WHO: Discussions will be held with the US to increase access to Redsey when confirmation is valid

After Ridsiewe obtained an emergency use authorization from the FDA, WHO began to look at the availability of the potentially effective drug for the treatment of the new crown. May 4 (UPI) — The World Health Organization said Monday it will discuss with the U.S. government and Gilead Sciences how the antiviral drug remdesivir can be more widely available to treat new coronary pneumonia, CNBC reported.

WHO: Discussions will be held with the US to increase access to Redsey when confirmation is valid

Dr. Mike Ryan, Executive Director of WHO’s Health Emergency Program, said at a WHO news conference that recent U.S. government-led clinical trials have shown that Redciewe is effective in accelerating recovery in patients with new coronary pneumonia, and that the data is welcome. Ryan also said it was a sign of hope that it could be used to treat new coronary pneumonia.

“We will be talking to Gilead and the U.S. government to see how more data can be made on the effectiveness of the drug,” Ryan said, according to Reuters. “

Earlier, on April 29th, The National Institute of Allergy and Infectious Diseases (NIAID) director, Fauci, said Redsiewe had shown efficacy in a randomized double-blind controlled trial of NIAID that could moderate the speed of recovery for people infected with the new coronavirus.

The trial recruited 1,063 patients with new coronary pneumonia from several countries around the world. Preliminary results showed that the median recovery time in the Redcywe treatment group was 11 days, while the median recovery time in the placebo-controlled group was 15 days.

“Speeding up recovery time by 30 percent doesn’t sound as attractive as a 100 percent cure. “But this is very important evidence because it has been shown that Redciewe can block the new coronavirus. “

On May 1, the U.S. Food and Drug Administration (FDA) issued an emergency use authorization (EUA) for the antiviral drug remdesivir, which is still under study, to treat patients with suspected or confirmed new coronary pneumonia, including adults and children.

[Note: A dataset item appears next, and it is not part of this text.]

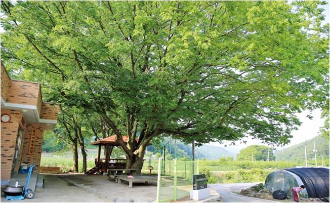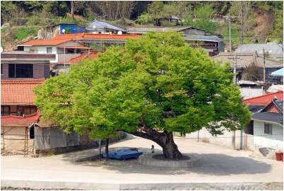 당산목 느티나무, 높이 13m, 수령120sus, 흉고 1.2m, 수관직관 10m
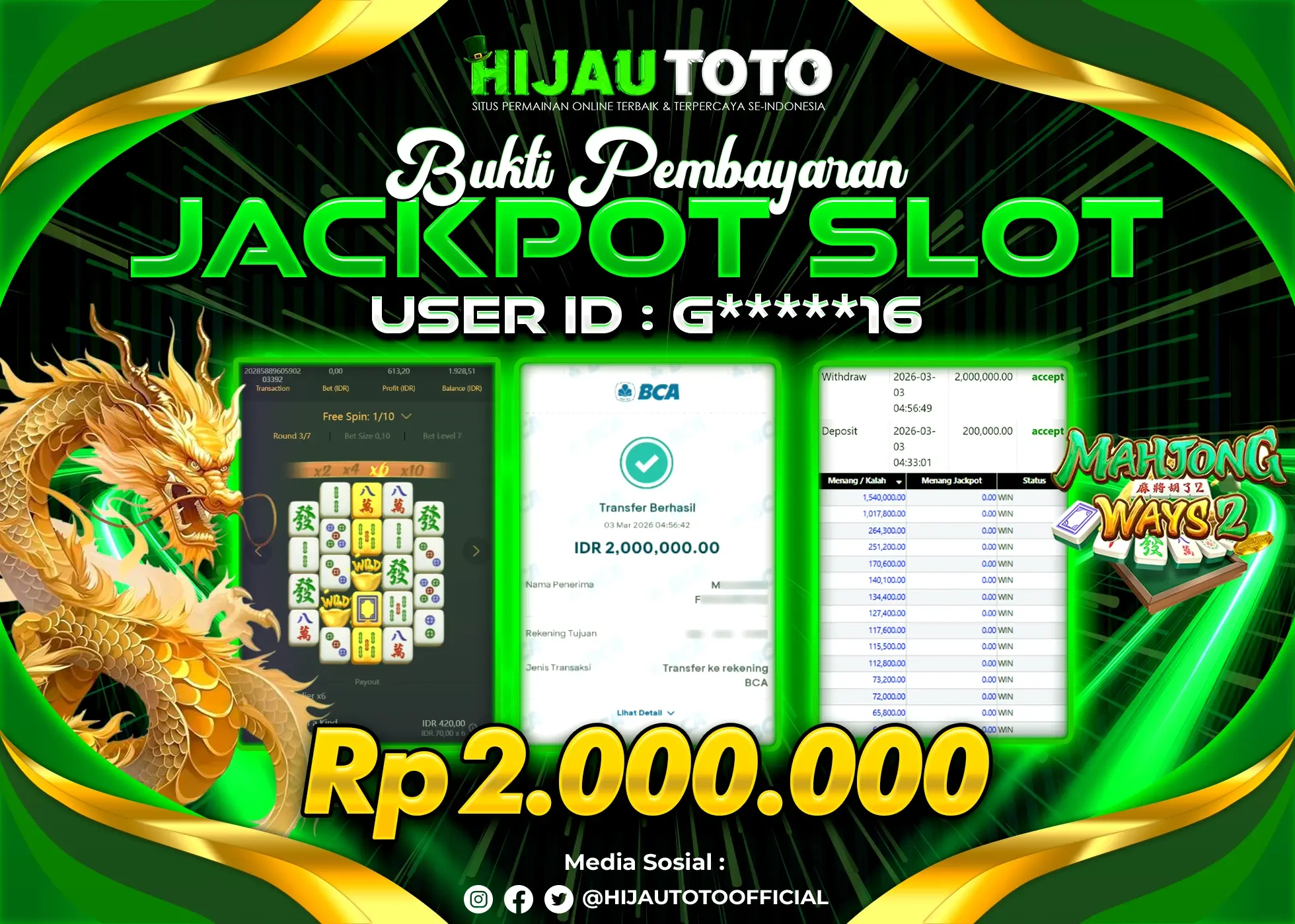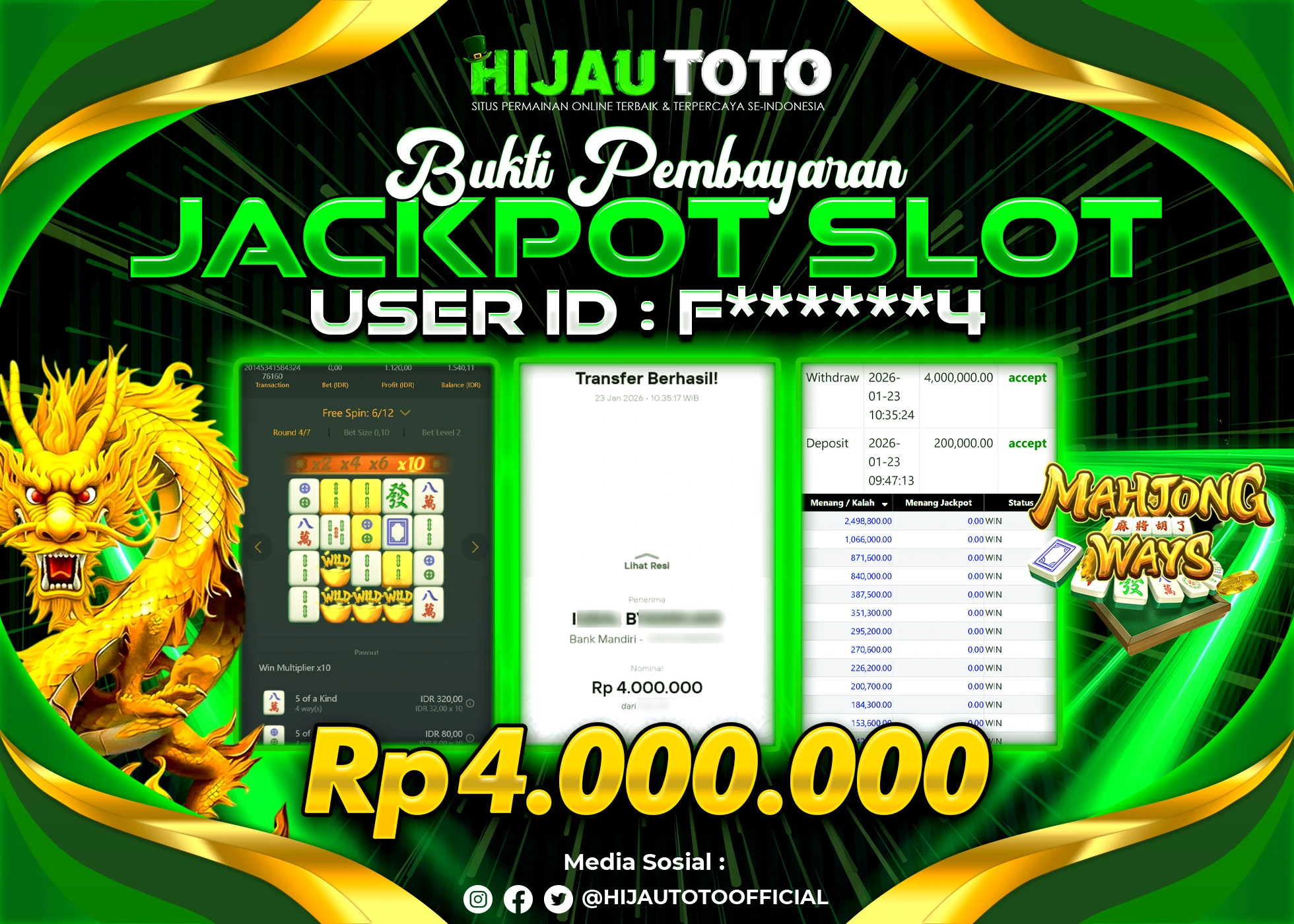 Bergabung dengan HIJAUTOTO sangat mudah dan cepat. Cukup lakukan pendaftaran dengan data lengkap, lakukan deposit minimal Rp5.000 melalui berbagai metode termasuk QRIS, dan mulai bertaruh dengan minimal taruhan Rp100. Dapatkan juga bonus new member 100% untuk modal bermain lebih besar.

The FDA said that while little information is known about the safety and efficacy of using Redciewe to treat new coronary pneumonia, the drug has been shown in a clinical trial to shorten the recovery time of some patients.

“Emergency use authorization opens a path for us to provide emergency use of Ridsywe for more patients with severe corolla,” said Daniel O’Day, chairman and chief executive officer of Gilead Sciences, according to Gilead’s website. “

Gilead said Gilead has donated all of its existing available supplies, including finished and unfinished products, to help address the emergency medical needs caused by the global pandemic. Based on a 10-day course of treatment, 1.5 million doses of Ridsiewe donated by Gilead, after this emergency use authorization and potential lying authorization and regulatory approval, will be able to provide patients with the equivalent of more than 140,000 treatments free of charge. Gilead will continue to support clinical trials, as well as Redsey’s expanded accessible and sympathetic use programs. In addition, Gilead will use a variety of independent data sources to track the incidence and severity of the outbreak in order to continuously assess the distribution of global supply.

Gilead also significantly expands production capacity and complements in-house production through partnerships with partners in North America, Europe and Asia. The company aims to produce at least 500,000 courses by October and 1 million by December 2020 and millions more by 2021 if needed.